Neiji hocha la tête, retenant une réponse acerbe. Il se moquait bien du royaume ! Il voulait rester auprès d'Hinata, vivre à Yggalë, et s'il devait avoir une épouse, qu'ils vivent à Yggalë. En tant que futur bras droit de l'héritière de la région, il se devait de vivre à Perleforêt. Il observa le visage de sa cousine son masque d'inquiétude pour le Daimyō et de bienséance était parfait, et ceux qui ne la connaissaient pas aussi bien que lui ne sauraient jamais qu'elle mentait.

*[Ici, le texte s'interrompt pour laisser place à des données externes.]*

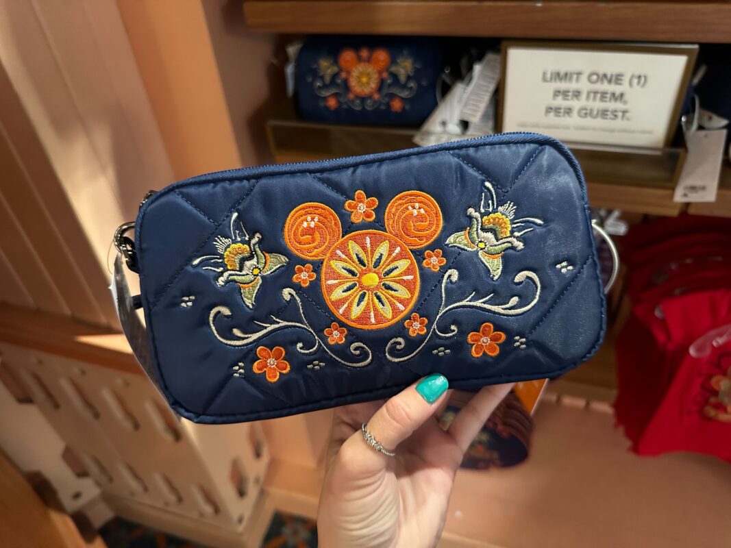 The merchandise has a dark blue color scheme with floral orange embroidery. The Lug belt bag has this embroidery against a quilted stitching pattern. An orange Mickey head is in the center of the design.

Hinata n'était pas attristée par l'état de santé du Daimyō elle ne lui souhaitait aucun mal, elle ne souhaitait aucun mal à qui que ce fût, mais elle n'éprouvait rien pour le Daimyō.

Quelques autres informations qu'il trouva inintéressantes au mieux furent échangées, l'arrivée tardive de son père interrompant brièvement la discussion, puis on leur donna l'autorisation de partir, et il emboîta immédiatement à Hinata, qui lui prit le bras pour une balade dans les jardins, Hanabi sur ses épaules. Sa cousine était la seule personne qui le comprenait réellement, et il était le seul à la comprendre. Yggalë serait prospère pour des décennies sous leur règne.